## Records from a collection:
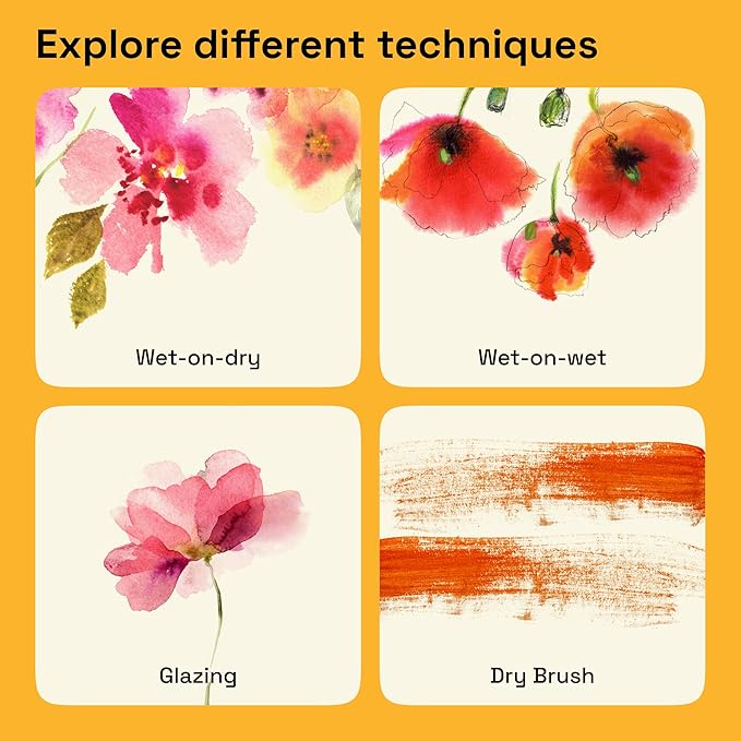- Versatile Metallic Application Techniques: Our metallic watercolors are designed for flexible use, allowing for smooth flat washes and easy layering. The metallic paints blend seamlessly and do not leave hard edges when dry, enabling a range of professional techniques.
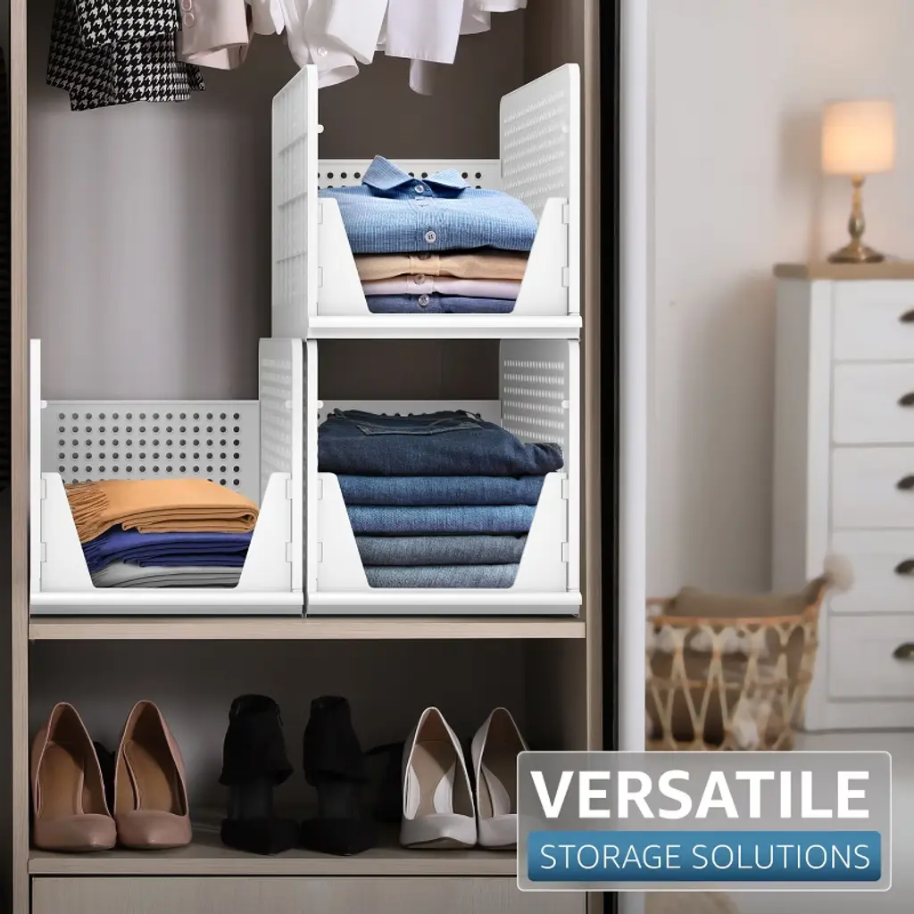 The Sorbus Closet Shelf Organizer offers a practical solution for decluttering and organizing any space. These stackable storage baskets maximize vertical space, making them perfect for closets, bedrooms, bathrooms, or pantries. Designed for versatile use, they can organize clothes, linens, toys, pantry items, and office supplies. Made of durable plastic, they provide reliable strength and stability for various items. The easy, tool-free assembly allows you to quickly set them up and start organizing with ease.
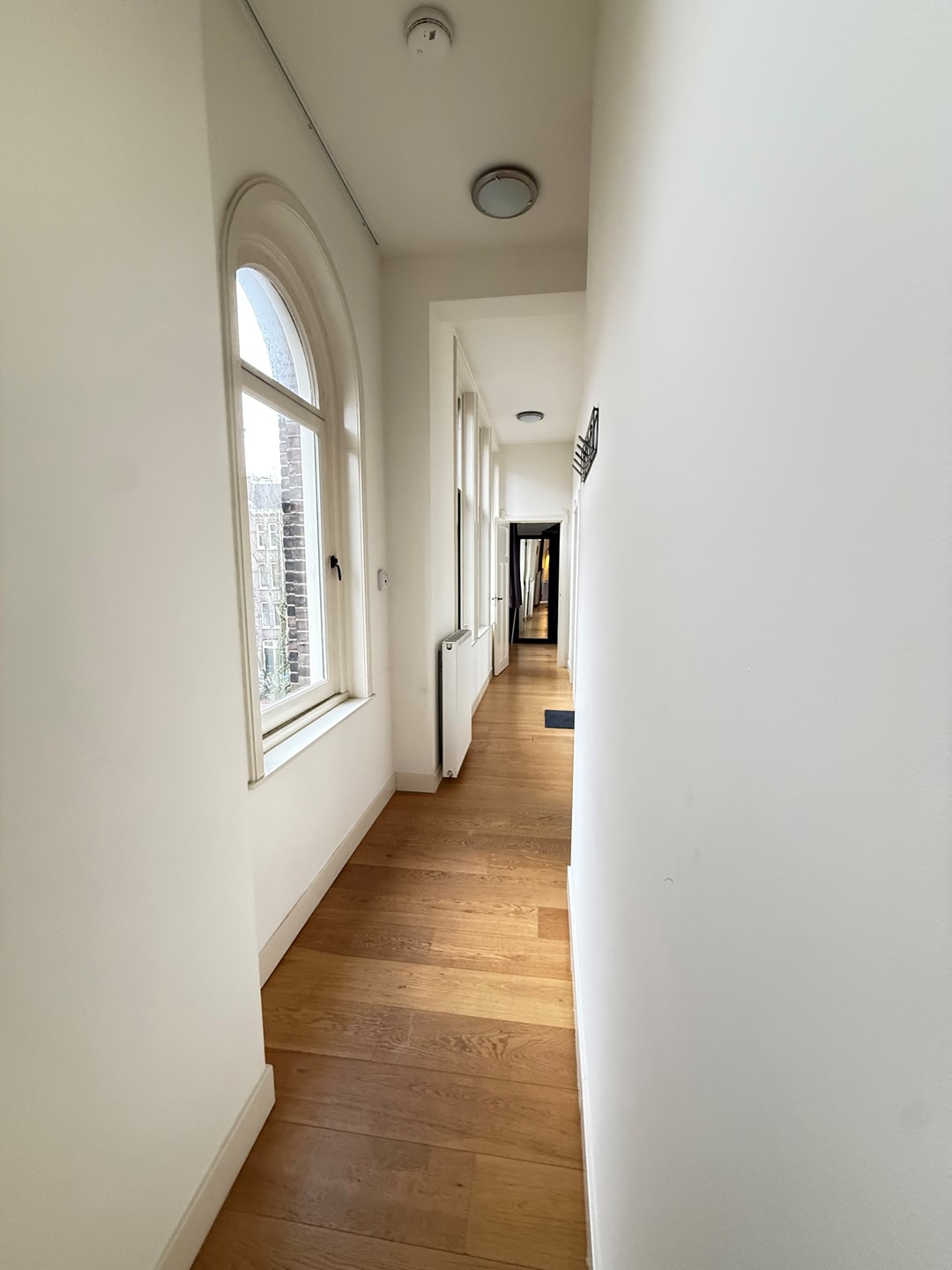 Via het gemeenschappelijke trappenhuis bereik je de tweede etage, binnenkomst in de hal vanwaar toegang tot de woonkamer met aparte eethoek. De keuken is voorzien van alle gewenste inbouwapparatuur. Middels de hal bereik je beide slaapkamers, de badkamer en het separate toilet.
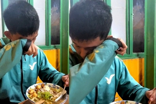 Tài xế xe ôm vừa ăn vừa khóc trong ngày sinh nhật, phía sau là chuyện nhói lòng
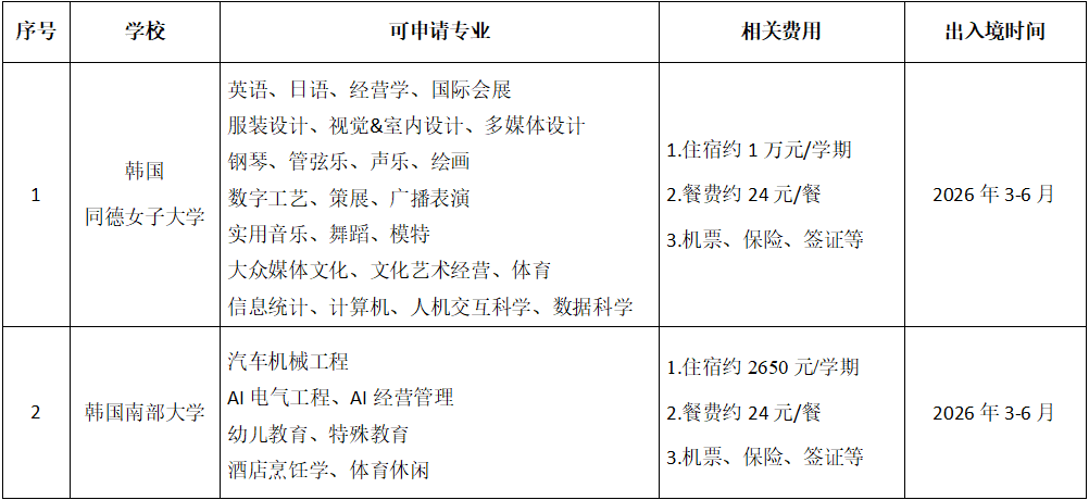 为促进我校与国(境)外高校学生间的学术交流与学习,提高学生的综合素质,激发学生创新学习的动力,我校每学期选派学生至国(境)外合作院校进行交流学习。现将2026年春第二批赴国(境)外公费交换生项目报名通知如下。
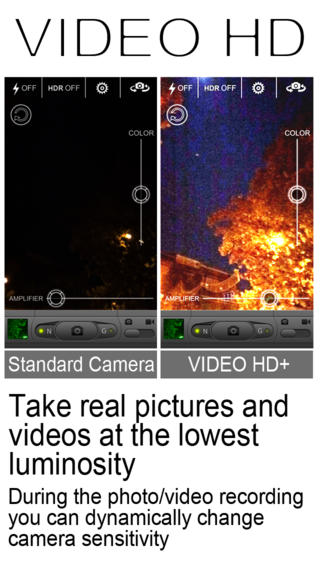 Video HD+ vám pomůže natáčet videa vašich snů. Pomocí této aplikace můžete měnit barvu, citlivost, jas, posun z černé a bílé atd. S aplikací můžete snímat ve tmě bez zapnutí blesku! Během foto/video nahrávání lze dynamicky měnit citlivost fotoaparátu pro dosažení nejlepšího výsledku, stejně jako nastavit libovolný zoom. Aplikace má vlastní knihovnu na uspořádání fotografií a videa a umožňuje je sdílet na Facebooku, Dropboxu a Twitteru.
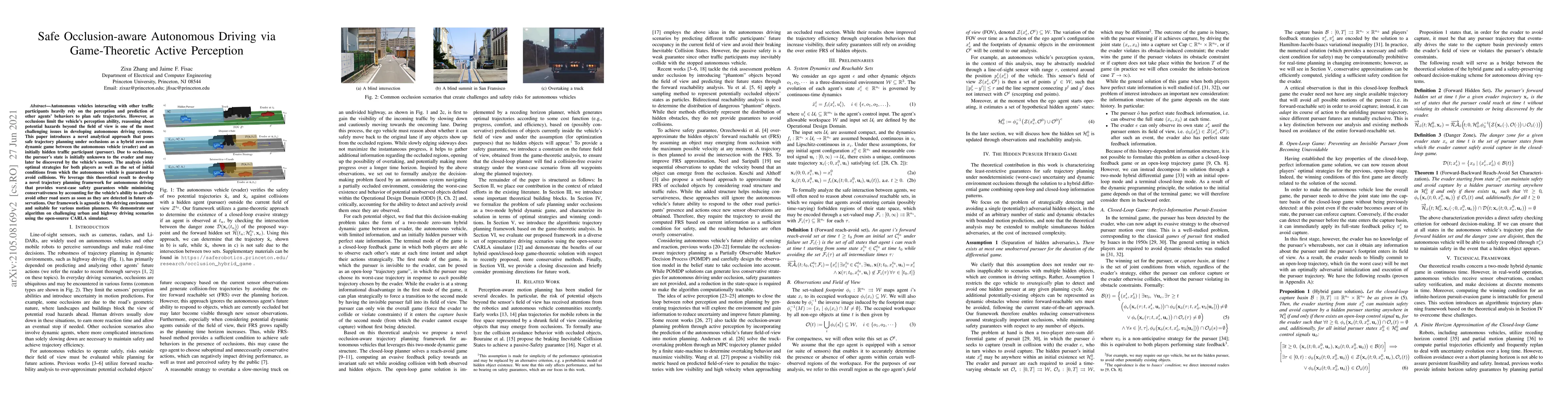Researchers develop a novel framework for safe autonomous driving under occlusions by modeling the interaction as a game-theoretic dynamic game, providing worst-case safety guarantees while minimizing conservativeness.
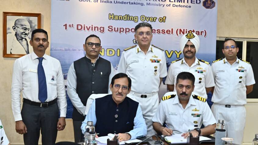 ‘Nistar’, the first indigenously designed and constructed Diving Support Vessel, was delivered by Hindustan Shipyard Limited to the Indian Navy on 08 Jul 2025 at Visakhapatnam.
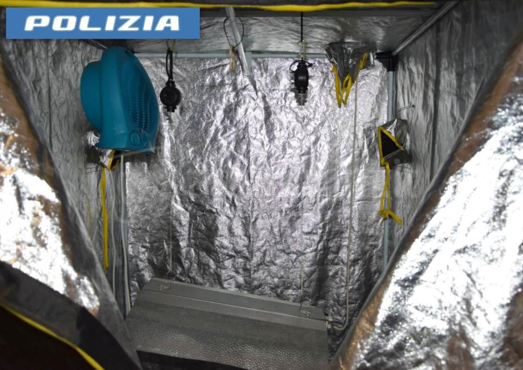 Nella mansarda gli agenti hanno trovato una vera e propria serra per la coltivazione dello stupefacente, con un sofisticato impianto di irrigazione, oltre a impianti di lluminazione, riscaldamento e areazione.

## PROBLEM DETAILS:
The answer must be the lines from the first one in the records through the line containing "为促进我校与国(境)外高校学", copied exactly, with no pictures.

## RESPONSE BOX:
- Versatile Metallic Application Techniques: Our metallic watercolors are designed for flexible use, allowing for smooth flat washes and easy layering. The metallic paints blend seamlessly and do not leave hard edges when dry, enabling a range of professional techniques.
 The Sorbus Closet Shelf Organizer offers a practical solution for decluttering and organizing any space. These stackable storage baskets maximize vertical space, making them perfect for closets, bedrooms, bathrooms, or pantries. Designed for versatile use, they can organize clothes, linens, toys, pantry items, and office supplies. Made of durable plastic, they provide reliable strength and stability for various items. The easy, tool-free assembly allows you to quickly set them up and start organizing with ease.
 Via het gemeenschappelijke trappenhuis bereik je de tweede etage, binnenkomst in de hal vanwaar toegang tot de woonkamer met aparte eethoek. De keuken is voorzien van alle gewenste inbouwapparatuur. Middels de hal bereik je beide slaapkamers, de badkamer en het separate toilet.
 Tài xế xe ôm vừa ăn vừa khóc trong ngày sinh nhật, phía sau là chuyện nhói lòng
 为促进我校与国(境)外高校学生间的学术交流与学习,提高学生的综合素质,激发学生创新学习的动力,我校每学期选派学生至国(境)外合作院校进行交流学习。现将2026年春第二批赴国(境)外公费交换生项目报名通知如下。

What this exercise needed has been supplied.